This is a question I’m currently interested in knowing the answer to. I don’t know much about Smalltalk or Squeak unfortunately, but from what I do know, it seems like a good fit for the latest idea I have. The primary advantage over other environments I know, is that the image is available at all times. If an image receives a message it can’t handle because of a programming error, it can enter the debugger and wait for me to come along and debug it. I think that a decent Common Lisp implementation will offer me similar functionality.

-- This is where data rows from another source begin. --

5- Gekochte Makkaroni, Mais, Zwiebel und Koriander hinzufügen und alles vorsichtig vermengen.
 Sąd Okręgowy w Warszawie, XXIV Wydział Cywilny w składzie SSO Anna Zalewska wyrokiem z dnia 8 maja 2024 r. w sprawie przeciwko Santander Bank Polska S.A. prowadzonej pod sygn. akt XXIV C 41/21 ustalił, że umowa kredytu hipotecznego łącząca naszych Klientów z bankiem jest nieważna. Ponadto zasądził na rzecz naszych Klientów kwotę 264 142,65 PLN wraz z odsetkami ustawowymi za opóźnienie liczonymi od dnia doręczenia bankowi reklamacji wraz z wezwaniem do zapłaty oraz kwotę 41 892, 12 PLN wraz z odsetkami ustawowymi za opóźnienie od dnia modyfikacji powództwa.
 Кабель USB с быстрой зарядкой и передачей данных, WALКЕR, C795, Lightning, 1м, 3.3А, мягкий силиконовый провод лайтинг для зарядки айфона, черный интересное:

Unfortunately, playing around with a new language for a couple of days gives a very limited idea of what it will be like to use it to develop a medium-sized application. For me, during the initial stage of investigation, it is very important to know whether it is worth taking the time with very quickly so that as little time is wasted as possible. Unfortunately, Squeak is a little harder to get to grips with than most languages I am familiar with as it is necessary to learn the IDE at the same time as the language. It is not possible (as far as I know) to simply enter a hello world program into a textfile and execute it.
The first script I entered into the Workspace (which is kind of a scratchpad for exploring new ideas) displayed the numbers from 1 to 200 on to the transcript, which is a kind of logging window. Here is the code to do that along with a timing method. If you highlight thecode and select “print it” from the menu, it tells you how long it took to run.

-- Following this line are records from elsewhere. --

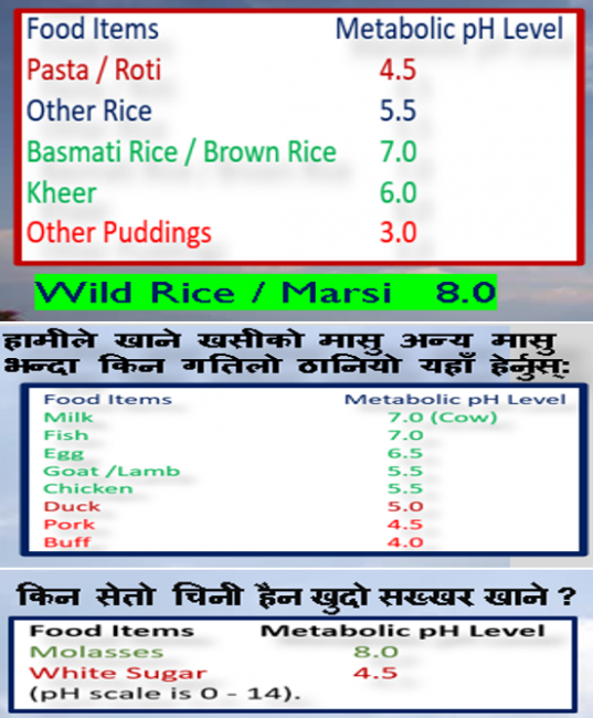 वैज्ञानिकरूपमा हाम्रै भान्सामा नियमित उपलब्ध हुने मरमसला, फलफूल र सिदनहरुको कस्तो मेटाबोलिक क्षारीय पिएच अथवा स्व–हिलिङ क्षमता दिन सक्ने खुबी राख्छ भन्ने कुराले तिनीहरूको औषधीय मूल्य प्रस्ट पार्छ। हाम्रा यी रैथाने खाना कसरी फगत खानामात्र नरहेर औषधीय मूल्यका जडीबुटी हुन् भन्ने प्रश्नको उत्तरसमेत चित्रमा उल्लेख गरिएका डाटाले दिन्छ। यही डाटा किन हाम्रो आयुर्वेदिक चिकित्सा पद्दति हिजो पनि उत्कृष्ट थियो र अबको नयाँ पुस्ताको समेत सबैभन्दा रोजिएको विषय बन्ने छ भन्ने अवस्था इङ्गित गर्न पर्याप्त छ।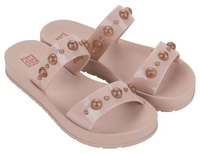A Zaxy Rise encorpora a tendência Rebel através das calotas metalizadas! As tiras paralelas em acabamento glossy, dão um ar atemporal a esse slide anatômico, enquanto os studs em formato de calota aplicados no cabedal criam um toque de modernidade e ousadia!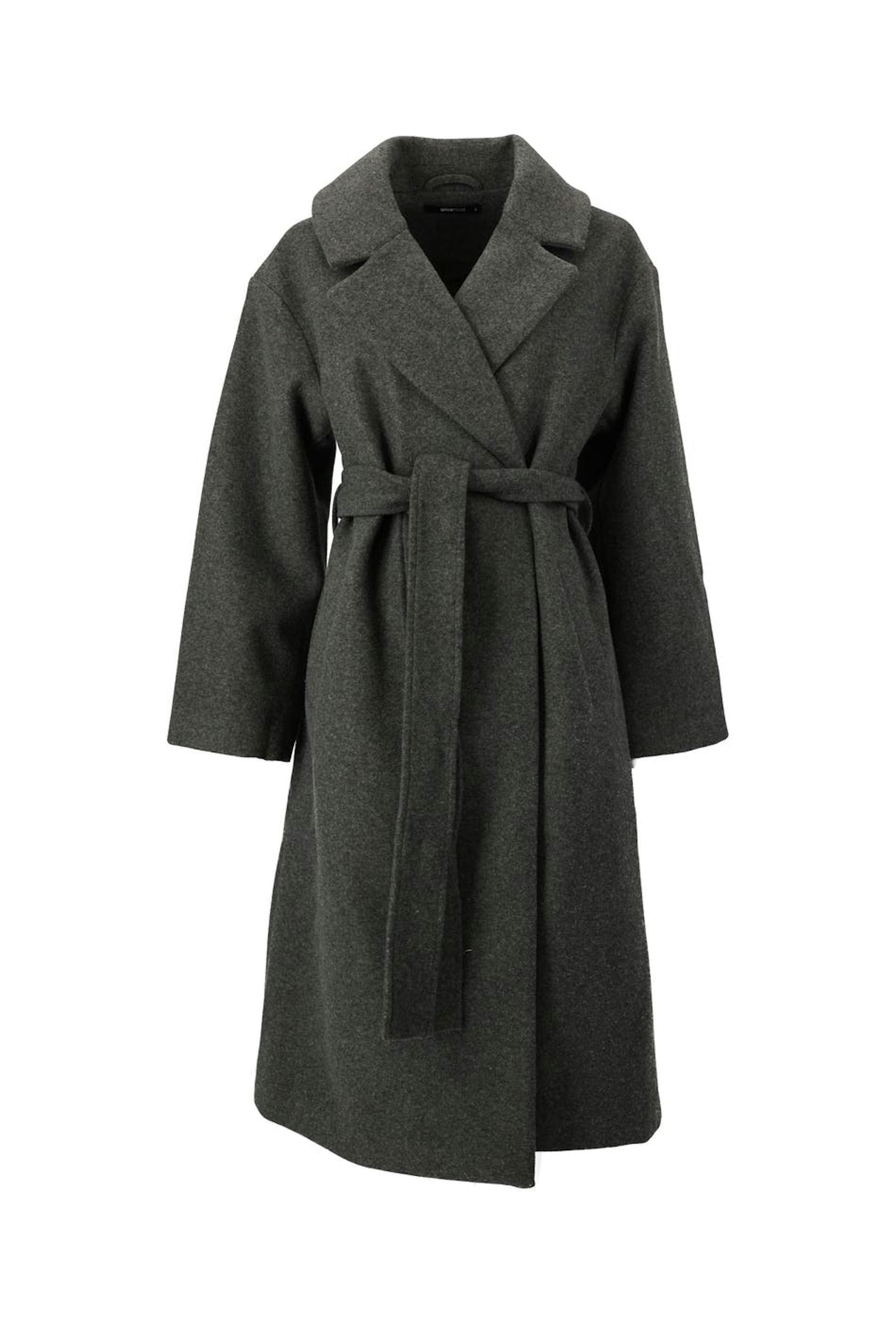 Pitkä takki vyöllä vyötäröllä. Takki on harmaa, kaksirivinen ja suora. Siinä on oversized-malli, taskut sivuilla ja kaulus lovikauluksella.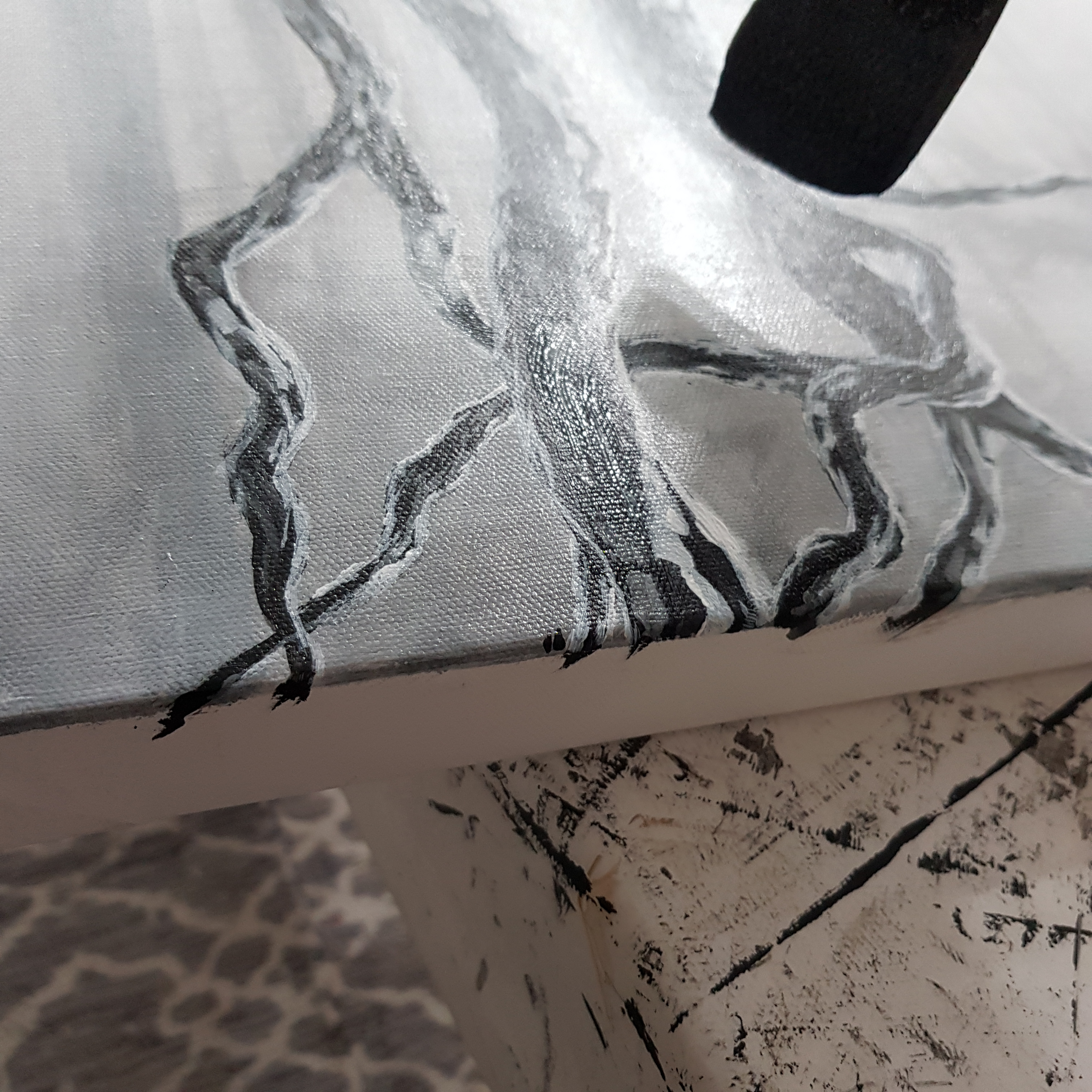 Medan det torkade började jag nästa så länge. Dessa två bilder som nu växer fram har jag ruvat på länge länge. Men jag vill ju inte säga för mkt i förväg, då blir det inte samma sak. Den första med hjorten handlar iaf om att hämta kraft, och den nedersta handlar om vila i stillhet och meditation.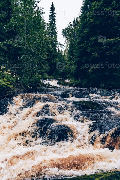 Пейзаж реки среди камней, быстрое течение воды в водохранилище при свете дня Карелия Россия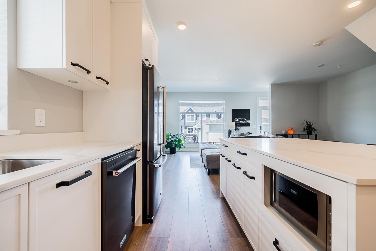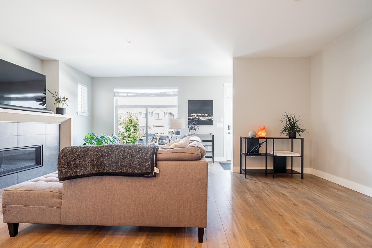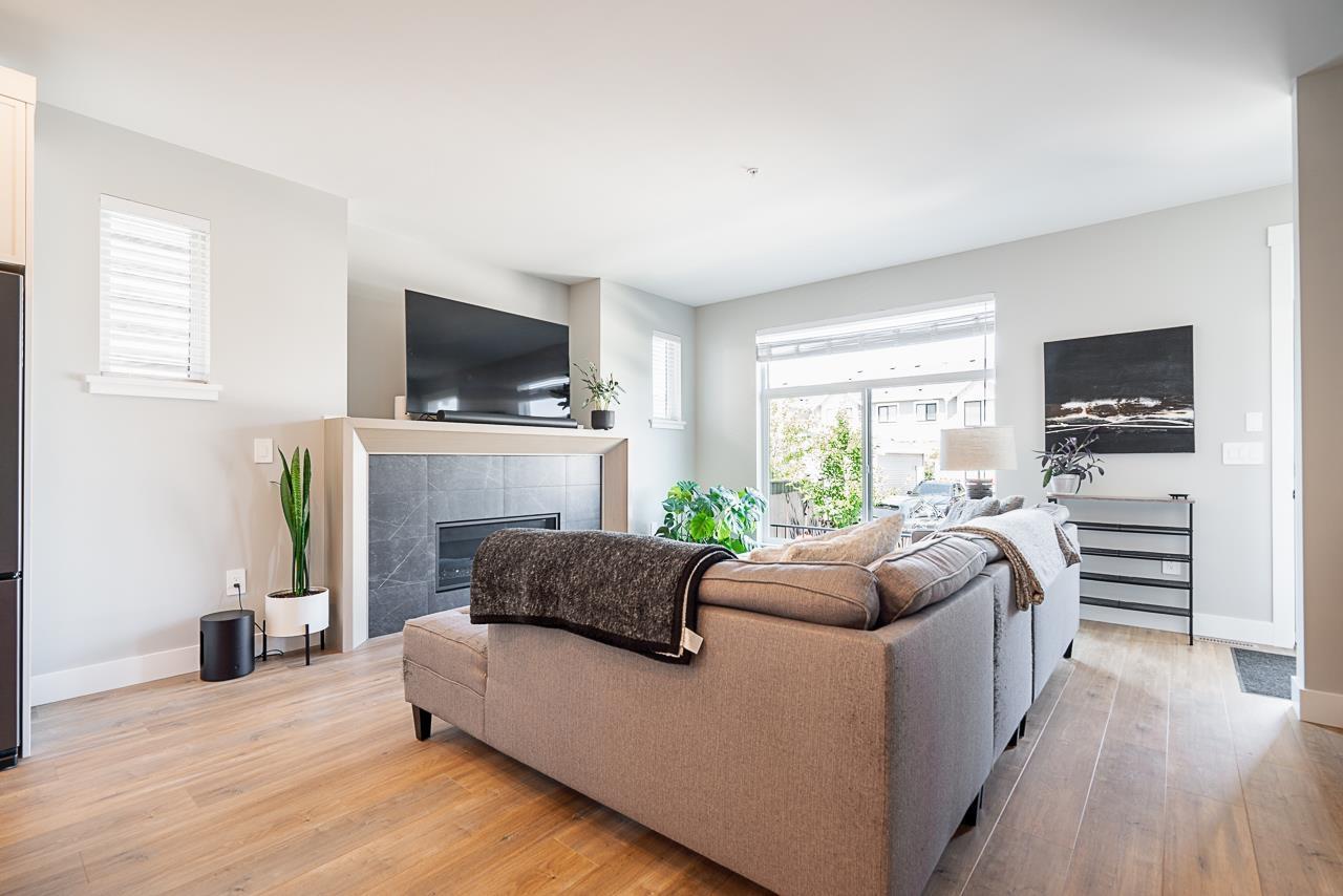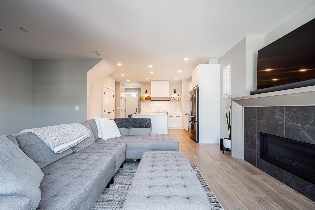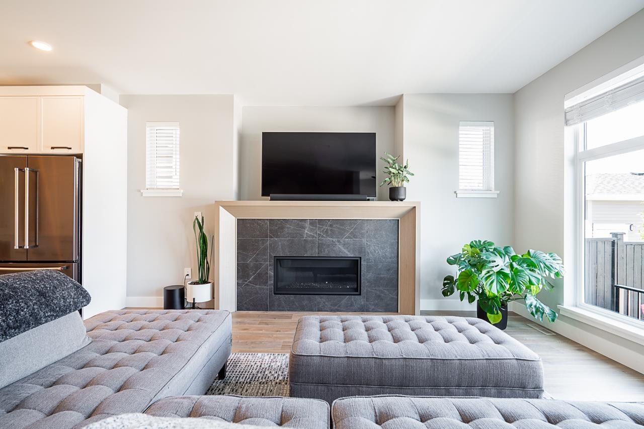 Welcome to Roots - a luxurious, move-in-ready non-strata rowhome in thriving West Langley! NO GST - this stunning home has been lightly lived in and shows like new. Enjoy 9' ceilings, a fully finished basement, and an efficient gas heating/hot water system. The chef's kitchen is a showstopper with black KitchenAid appliances, quartz counters, full-height backsplash, and floating wood shelves. Cozy up by the gas fireplace with custom mantle and tile surround. Thoughtful design, high-end finishes, and unbeatable value just minutes from Willoughby's shops and amenities. Don't miss this one! (id:52823)

Time millisecondsToRun: [1 to: 200 do: [:i | Transcript show: i ; cr]]
This was the response: 10335
Ouch! 10 seconds. This is by far the worst performance I’ve ever seen in any language including BBC BASIC on a 2MHz machine. I was certain I must be doing something wrong so I asked on the Squeak beginners list. Unfortunately, it seems that it really is that slow. No-one has made any effort to tune the performance. Here is the comment from the Transcripter class:
"Transcripter is a dog-simple scrolling stream with display. It is intended to operate with no
support from MVC or color in a minimal, or headless version of Squeak. No attention has been
paid to appearance or performance."
Okay. Well that is a pity – it is one of the first parts of the Squeak people will see and I would have thought that it would put a few people off. Anyway, the “everything is an image” is still selling me so I try to see how long it takes to write 10,000 numbers to a file.
| myFile ios |
ios := ReadWriteStream on: ''. Transcript show: 'Populate Buffer: ', (Time millisecondsToRun: [ 1 to: 10000 do: [ :i | ios nextPutAll: ((i asString) , String crlf) ]]) asString , ' millseconds' ; cr. MessageTally spyOn: [ 1 to: 10000 do: [ :i | ios nextPutAll: ((i asString) , String crlf)]]. Transcript show: 'Position: ', (ios position) asString ; cr. myFile := StandardFileStream fileNamed: 'c:/test.txt'. Transcript show: 'Output Buffer: ', (Time millisecondsToRun: [ myFile nextPutAll: (ios contents)]) asString, ' milliseconds' ; cr. myFile close.
The MessageTally spyOn: is a nice profiler to see where it is spending its time – it is not really part of the initial test.
This produced the following output on the Transcript:
Populate Buffer: 275 millseconds
Position: 58894
Output Buffer: 9 milliseconds
Hmmm… is 275 milliseconds good or bad? I wrote a quick perl script and ran it with Cygwin.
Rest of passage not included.